When I was seventeen and able to give my consent to remove the arm stump, over my parents’ pleas to keep this withered useless piece of flesh and bone, the doctors gave me my cybernetic limb. When they explained the procedure and showed me the robotic arm, I asked, “Why cover it with flesh?” My parents couldn’t afford it, I didn’t need it. I am part machine. I am proud to be part machine. I was born twisted and strange by their standards. And after so much recovery, I was somehow amazing.



* * *





I smashed my machine fist into his flesh face.
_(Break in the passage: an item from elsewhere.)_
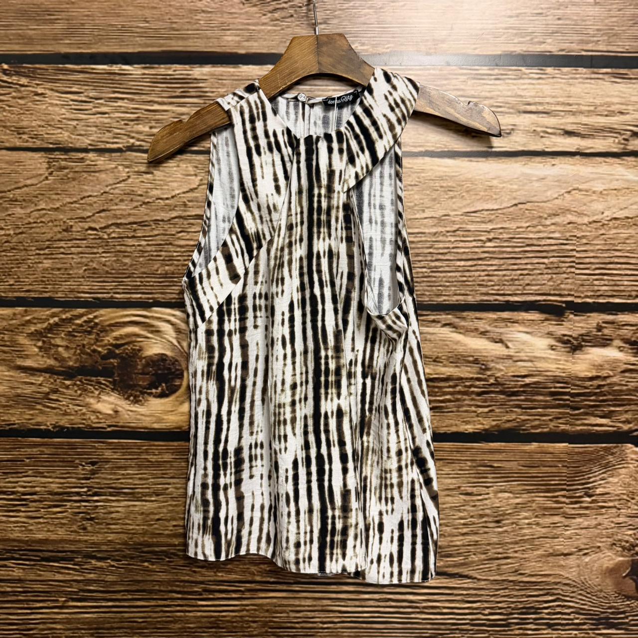 Regata em alfaiataria leve texturizada com drapeado na gola e fechamento em botão nas costas.

Why did these men think they could treat me like one of their women and suffer no consequence? Because I was polite? Because I yielded to them? Shrunk myself for them? They didn’t know respect when it was given. My ex-fiancé Olaniyi was the same way.

When the beautiful man went down, the dirt of my local market place mixed with his blood. Another of the men jumped up and angrily knocked over the stool he’d been sitting on. This man’s white agbada shined in the sunlight. His mouth hung open. He was shouting, a fist raised. He flew at me, and I saw a white wraith. I smelled dust and blood. I jammed the heel of my flesh hand into the underside of his chin and then crushed his ribs with a hard kick. People fled. There were five men total. Five men in agbadas and sokoto. Five men I destroyed. Everyone else ran, except for some teens who recorded it all on their phones.
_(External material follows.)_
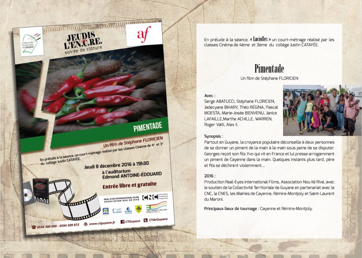 La Collectivité Territoriale de Guyane et L’Alliance Française de Cayenne ont le plaisir de vous convier à l’avant-première du film “Pimentade” réalisé par Stéphane FLORICIEN
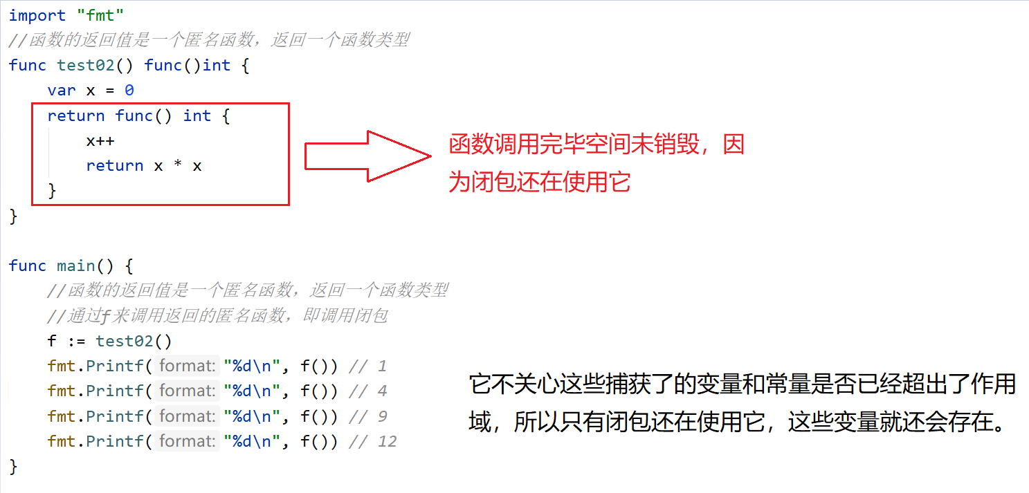所谓闭包就是一个函数“捕获”了和它在同一作用域的其它常量和变量。这就意味着当闭包被调用的时候,不管在程序什么地方调用,闭包能够使用这些常量或者变量。它不关心这些捕获了的变量和常量是否已经超出了作用域,所以只有闭包还在使用它,这些变量就还会存在。

And the market dirt mixed with more blood. They knew me there. As well as they could. Until I stepped out of line. Out of their knowledge. Now they know me there. This was my home. The woman on the far end sold palm oil pressed by her husband, a man who got angry with her if she talked to me for too long. The woman who fried the salty spiced termites always laughed when she saw my dexterous metal hands, but she never insulted me. These men were sitting and eating food that used fresh herbs and vegetables she grew in her own garden. The woman whose peppers I’d been looking at had been trained to be a barrister but gave all that up to live with her husband here in Abuja.
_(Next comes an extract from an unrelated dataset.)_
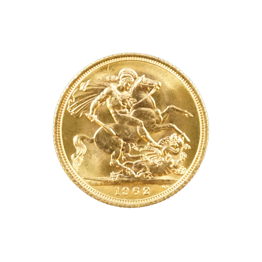 Moeda de ouro original do Reino Unido datada do ano de 1962.

My market’s dirt was mud with blood now, a blue Imam Shafi Abdulazeez flyer mashed into it. I stood over their bodies, the taste of metal in the back of my throat like smoke. I felt both destroyed and indestructible. My left arm. As I’d fought all those angry men, someone had smashed at my arm with a brick, just below the demarcation where flesh became metal. Now my left arm felt electrified. I briefly wondered if touching my left arm to my leg would create an electric current. Would the metal on metal kill me when the current jumped to flesh and rushed to my heart?

I turned. I ran.





CHAPTER 2


    GPS



I couldn’t stop looking at the sky as I drove. Occasionally, I spotted drones above, but they were all carrying delivery packages, so that was okay. None turned and followed me. The nightmare was over; at least the one at the market. I’d tripped my car offline weeks ago at the shop. Olaniyi had used the tracker on his phone to force connect to my car and monitor me during one of the few times I’d asked him to give me some space. I’d driven to a small hill not too far outside of Abuja. It was a dry hill where trees and plants refused to grow for some reason, maybe there’d been some chemical dumped there. It was my secret place to sit in the sunshine and just stop thinking. I don’t know what he thought I was up to but thirty minutes after I arrived, he showed up, his nostrils flared, his eyes bulging, full of suspicion.